I would go with the MSI GD70 ....
Between Crosshair III and M4A79T Deluxe i would pick the Crosshair III . Why ? looks sexy ... don`t chase reviews , you will eventually find out the two boards perform the same 
I had a tough time picking between ASUS M3N-HT Deluxe/HDMI and ASUS Crosshair II Formula . Picked CII because of the better bundle and color scheme , i guess ...


----------



## Tweak-2- (Aug 21, 2009)

haha yeah but i atleast hope you like the info


----------



## 1Kurgan1 (Aug 21, 2009)

Tweak-2- said:


> http://www.trustedreviews.com/images/article/inline/11223-3dmark.gif



That has to be the worse review chart I have ever seen. They use 2 top end Asus boards, then a 790GX from MSI instead of the GD-70. Then they give a 4870x2 to only the M4A so obviously that crushed the other 2 at Vantage. Then to top it off they used different CPU OC clocks on every board...


----------



## boomstik360 (Aug 21, 2009)

ShadowFold said:


> Go for the S1284EE
> http://www.newegg.com/Product/Product.aspx?Item=N82E16835233023&Tpk=HDT-S1284EE
> I've been using mine for about a year now, my 720 never sees anything past 64c at 1.5v.
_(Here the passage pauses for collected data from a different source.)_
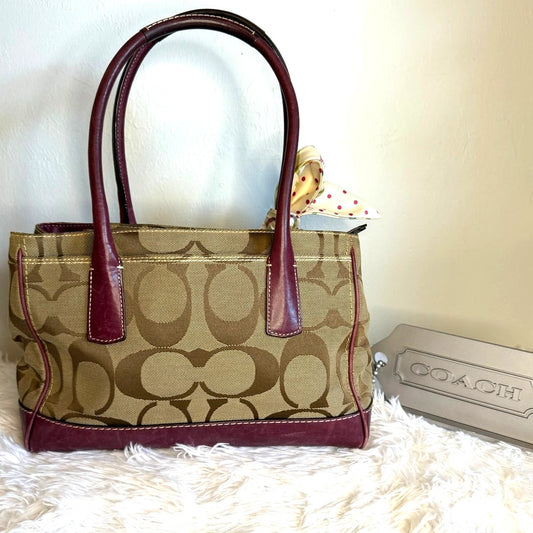 COACH 2010 Madeline Turnlock Signature Purple Brown Shoulder Bag Tote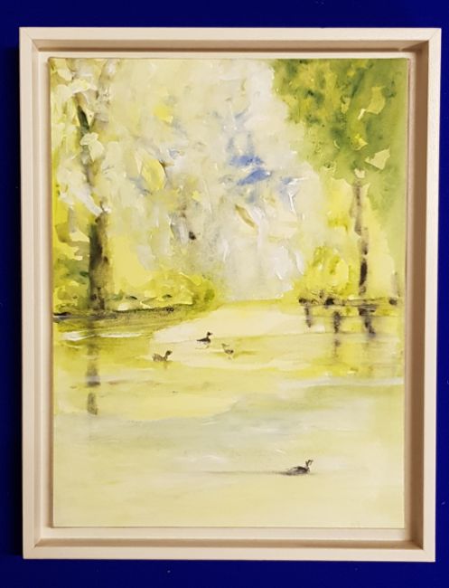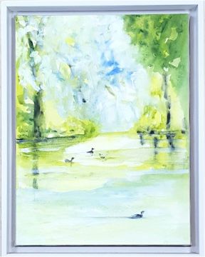 Entitled 'The Lake' 68cm x 45cm floating white frame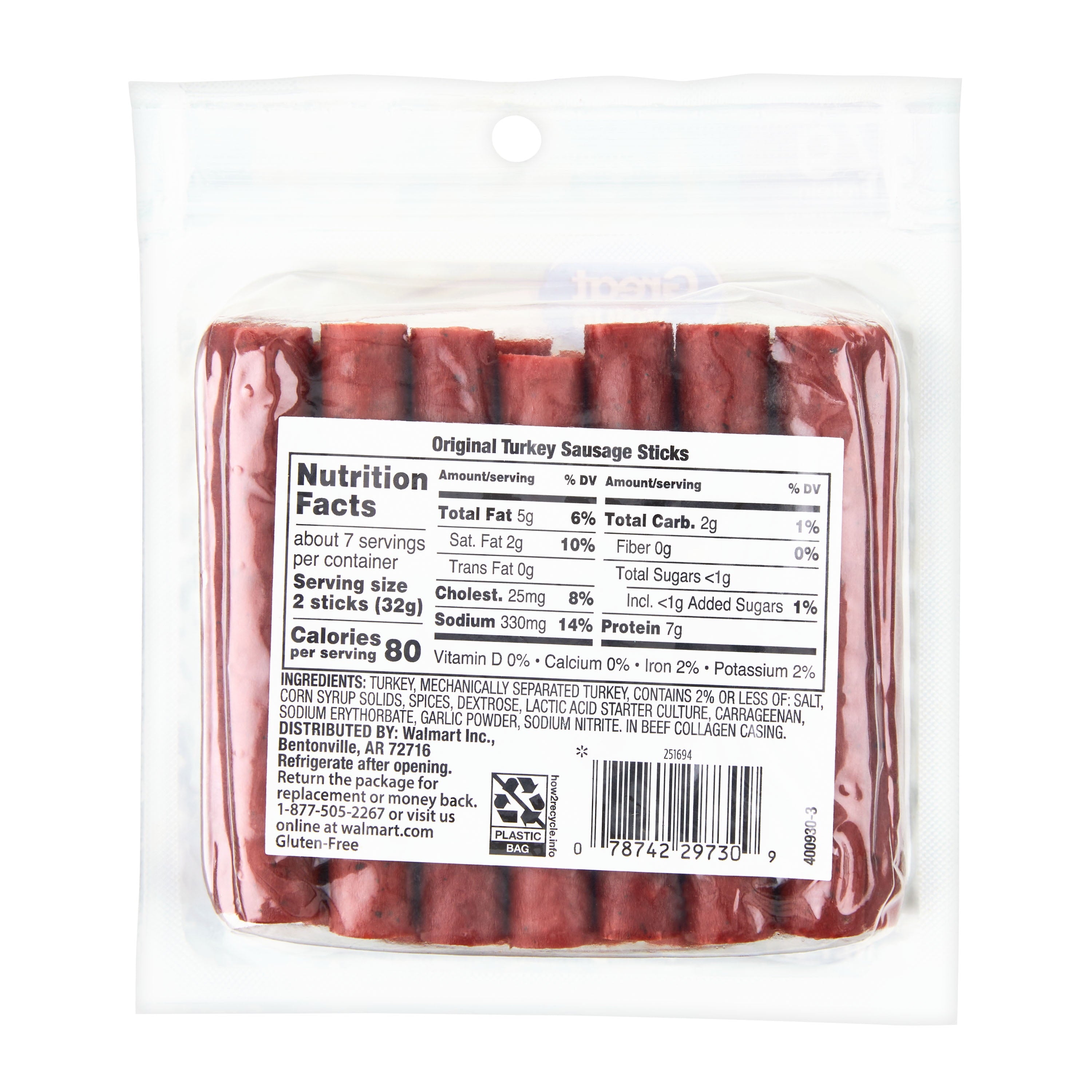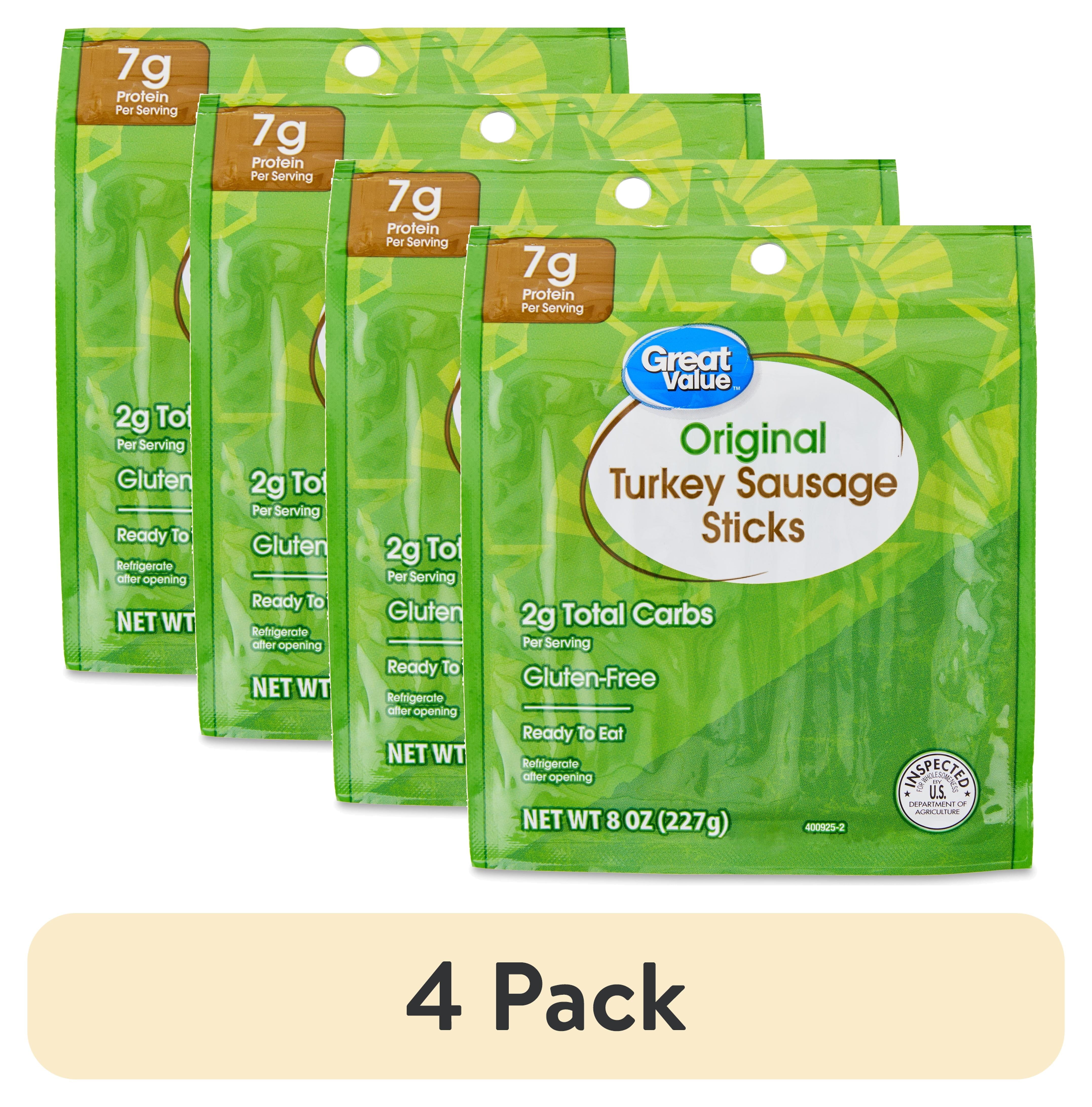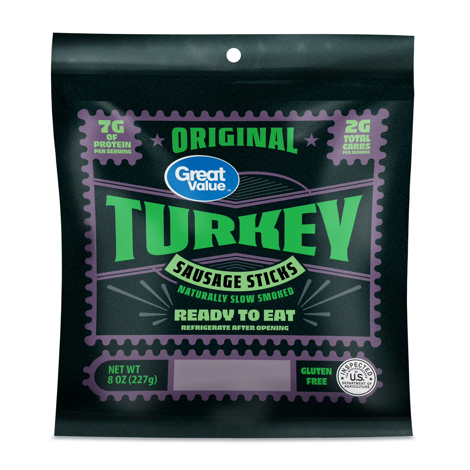 Make snack time more exciting when you purchase Great Value Turkey Sausage Snack Sticks 8oz. These original meat, shelf stable, fully cooked sticks are gluten free and perfect when you're on the road or need a quick protein boost in between meals. Featuring a rich smoked flavor, these turkey sticks are USDA inspected and ready to eat. Just grab them before your next hike or trip to the gym, or pack one in your kiddo's school lunch to ensure they're getting important nutrients. The sticks come in a handy, resealable plastic package, making it easy to store after opening. It's time to step it up a notch with Great Value Turkey Sausage Sticks! Great Value products provide families with affordable, high-quality grocery and household consumable options. With our wide range of product categories spanning grocery and household consumables, we offer you a variety of products for your family's needs. Our products are conveniently available online and in Walmart stores nationwide, allowing you to stock up and save money at the same time.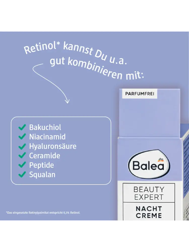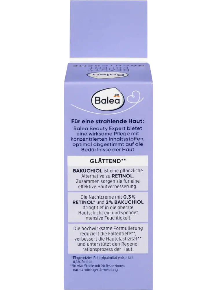 Balea Beauty Expert offre un soin efficace avec des ingrédients concentrés, parfaitement adaptés à vos besoins – pour une peau éclatante. Le bakuchiol est une alternative végétale au rétinol. Ensemble, ils assurent une amélioration visible de la peau. La crème de nuit, avec 0,3 % de rétinol* et 2 % de bakuchiol, pénètre en profondeur dans la couche supérieure de la peau et apporte une hydratation intense. La formule hautement efficace réduit la profondeur des rides**, améliore l’élasticité de la peau** et soutient son processus de régénération.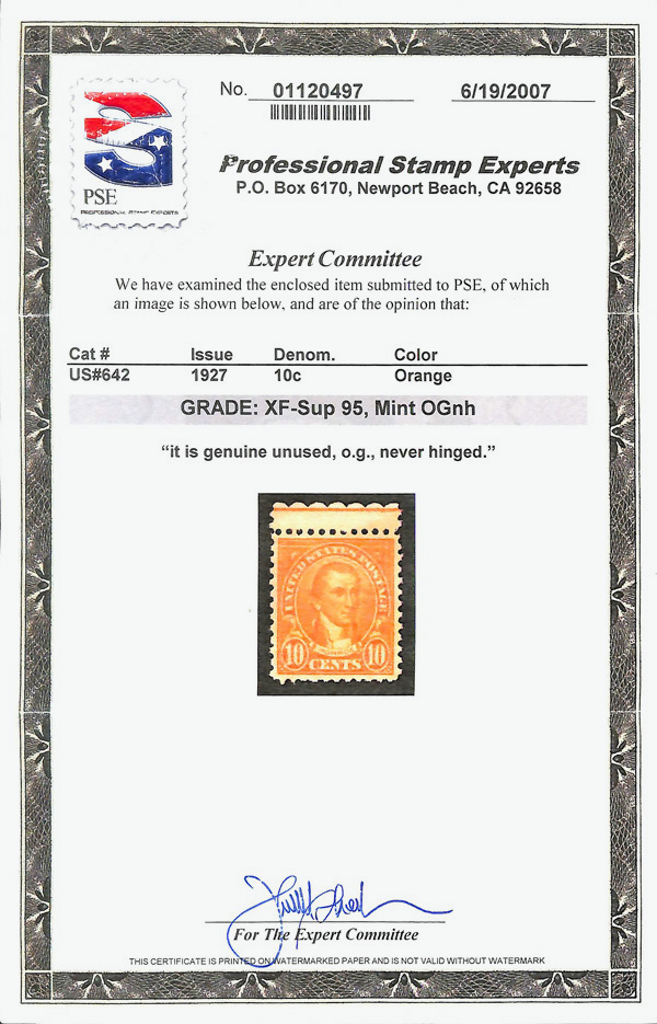 7197 nh 642 image1927, 10¢ Monroe, rotary press printing (Scott 642), radiant, glowing tone, o.g., never hinged, Extremely Fine to Superb, with 2007 P.S.E. certificate graded XF-SUP 95.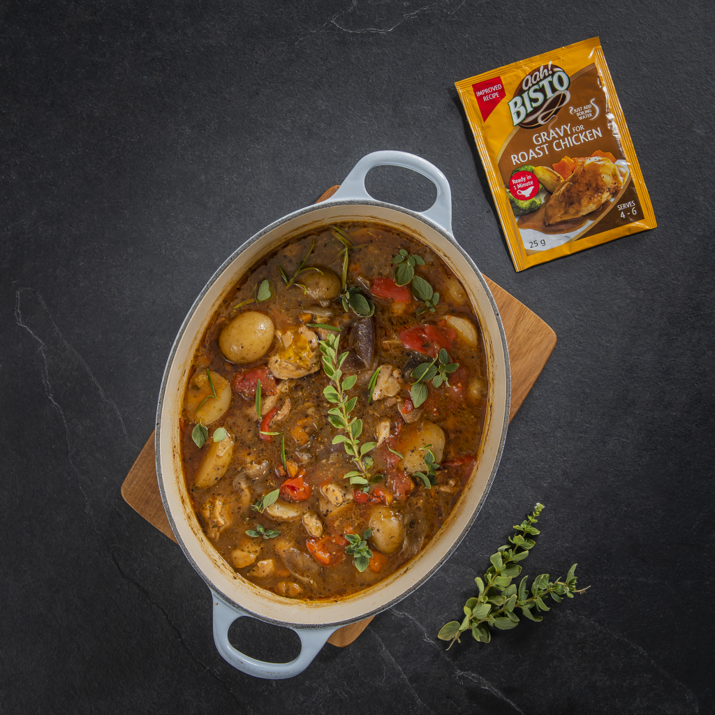 Heat the oil in a casserole pot, sauté the red onions, carrots, celery and peppers for 5 minutes. Add the garlic, Bisto for Roast Chicken Gravy, Hinds Spices Mixed Herbs and Hinds Spices Paprika and rosemary, Fry for a further 2 minutes.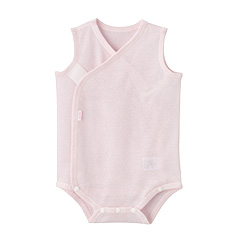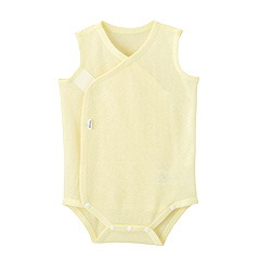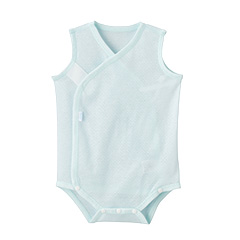 首先请选择一件贴身内衣,或者可以选择不必担心肚子着凉的连体包屁服。面料可以选择清爽的平纹针织棉或者透气性好的网眼状的纯棉材质。正因为夏季出汗量大,尽量要给宝宝穿上贴身内衣,起到吸汗作用。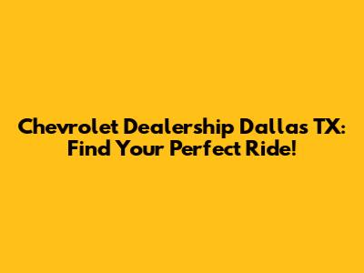 Chevrolet Dealership Dallas TX: Find Your Perfect Ride!
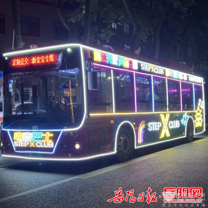 据介绍,流光溢彩的电音巴士,线路自湖南民族职业学院始发,一路行至历史文化地标岳阳楼,沿路停靠各站点。目前暂定每日19:00至22:00往返运行。乘客可在沿途公交站点招手即停,以9.9元亲民票价即可上车体验,并获赠啤酒一瓶。车内配备专业音响设备,由DJ现场打碟、MC激情喊麦,配以精彩舞蹈表演,打造出一个充满活力的“移动音乐空间”。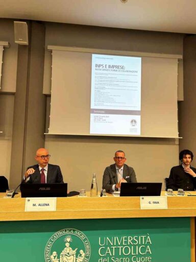 Il presidente dell’INPS Gabriele Fava è intervenuto nel campus di Piacenza dell’Università Cattolica, in occasione dell’incontro INPS E IMPRESE: NUOVI SERVIZI E FORME DI COLLABORAZIONE. Il Seminario, che ha visto un’attenta partecipazione degli studenti della facoltà di Economia e Giurisprudenza, si è concluso con una Tavola rotonda che ha consentito un confronto diretto tra il sistema produttivo piacentino e l’Istituto Nazionale di Previdenza sociale, grazie alla presenza dei rappresentanti delle Associazioni imprenditoriali e del mondo delle professioni (Avvocati, Dottori commercialisti, Consulenti del lavoro).
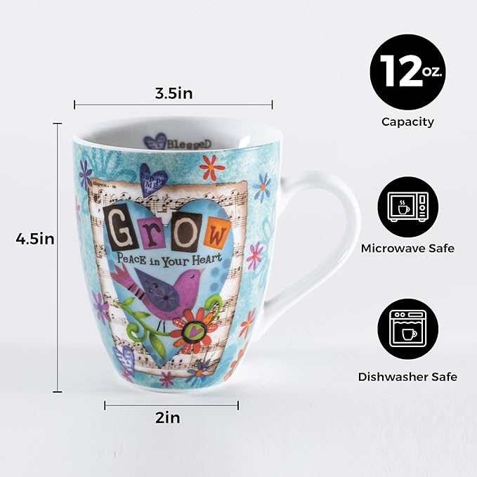 Divinity Boutique Ceramic Mug Grow Peace Bird, 12 ounce
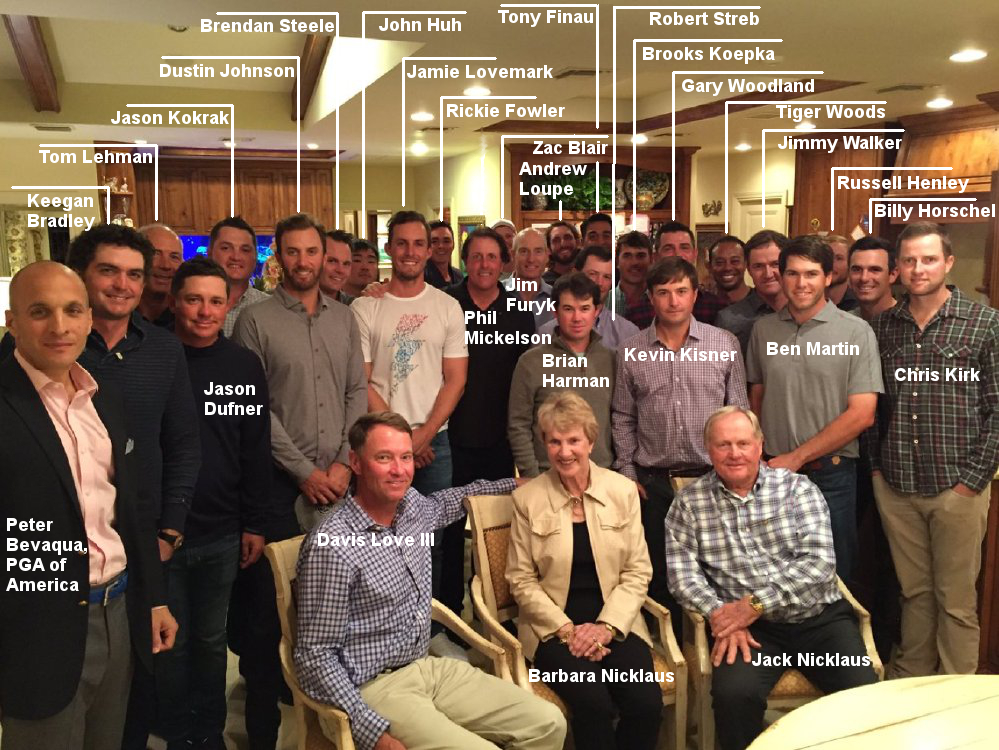 Denn obwohl Dustin Johnson eigens für dieses Ryder-Cup-Dinner anreiste (er spielt nicht die Honda Classic), könnte man aus den fehlenden Spielern eher ein angsteinflößendes Team machen als aus den Anwesenden. So fehlten aus den Top 50 der Welt Jordan Spieth, Bubba Watson, Patrick Reed, Brandt Snedeker, Zach Johnson, J.B. Holmes, Kevin Na, Matt Kuchar, Justin Thomas, Bill Haas und Scott Piercy. Stattdessen waren mit Andrew Loupe und John Huh sogar zwei Spieler dabei, die in der Weltrangliste sogar noch hinter Kapitän Davis Love III platziert sind. Doch wer war denn nun genau vor Ort? Die obskure Gästeliste in Kombination mit der Tatsache, dass man Golfer selten ohne Mütze sieht (by the way: grobe Etiketteverletzung im Hintergrund, Mr. Blair) machte es schwer den Gesichtern Namen zuzuordnen. Deshalb haben wir einmal das Bild als Hilfestellung beigelt.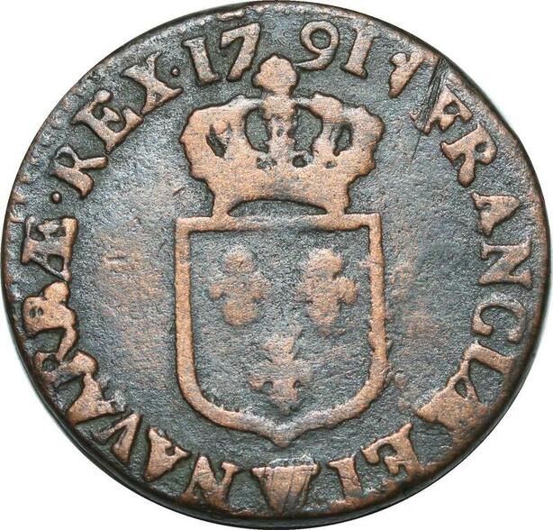 O9599 Rare France 1/2 Sol Louis XVI 1791 W Lille 2ème semestre / T Nantes ->Make offer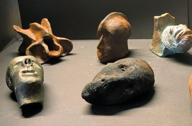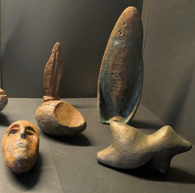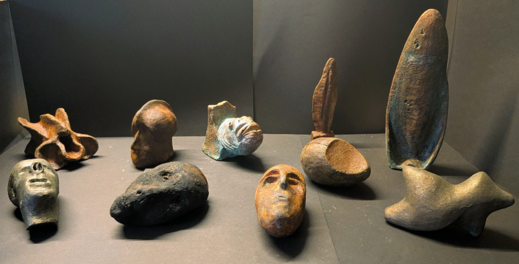 Zur Zeit überarbeite ich die Oberflächen einiger Ton-Maquetten, die mir teilweise als Ideengeber für die Umsetzung in Stein dienten. Es ist sozusagen eine Zweitverwertung, durch die ihre dienende Funktion zugunsten einer eigenen Ästhetik ersetzt wird. Dazu werden die Tonplastiken patiniert, d.h. zunächst mit Primer grundiert, danach mit Metalllegierungen (Silber, Kupfer bzw. Eisen) belegt und diese anschließend mit Oxydationsmittel benetzt. Je nach Dauer und Intensität entstehen Färbungen mit unterschiedlichen Verläufen, die die ursprüngliechen Maquetten als autonome Kleinplastiken erscheinen lassen.
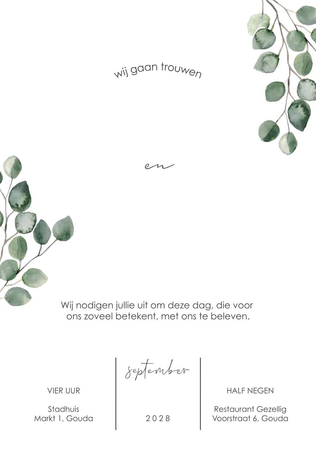 Bestel een trouwkaart met eucalyptustakjes om jullie familie en vrienden uit te nodigen voor je bruiloft. Dit is een trouwkaart met goudfolie die je stopt in een kraft pocket met golvende rand.
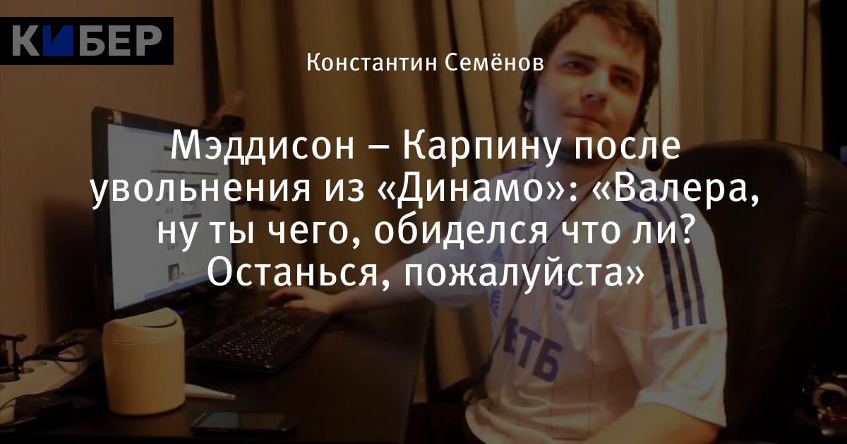 17 ноября стало известно об увольнении Валерия Карпина с поста тренера московского «Динамо». Фанат клуба и стример Илья «Maddyson» Давыдов попросил наставника вернуться.

I see this is an old post but that is some pretty bad tempts. I have my buddies 720BE at 4ghz 1.5vcore with an s1283 and it tops out at 55C in a warm room 100% load.


----------



## pantherx12 (Aug 21, 2009)

I bought the Asus board personally, would of got the other one if it was a different colour.

Although my new PSU is bright red so I guess none of it will match anyways haha.


----------



## pbmaster (Aug 22, 2009)

Got the Crosshair III and love it. Does everything I want plus more! Now to just get a new cooler....


----------



## LittleLizard (Aug 23, 2009)

unless you go tri-fire, get the crosshair


----------



## WarEagleAU (Aug 23, 2009)

I am tempted on the Crosshair just because it is so bad ass looking. Id get the MSI GD70, but I dont need all the lanes it offers. Plus, if they had Q-Shield, I would have snagged it already


----------



## pbmaster (Aug 23, 2009)

pbmaster said:


> Got the Crosshair III and love it. Does everything I want plus more! Now to just get a new cooler....



I already got the Crosshair....and it's really great...


----------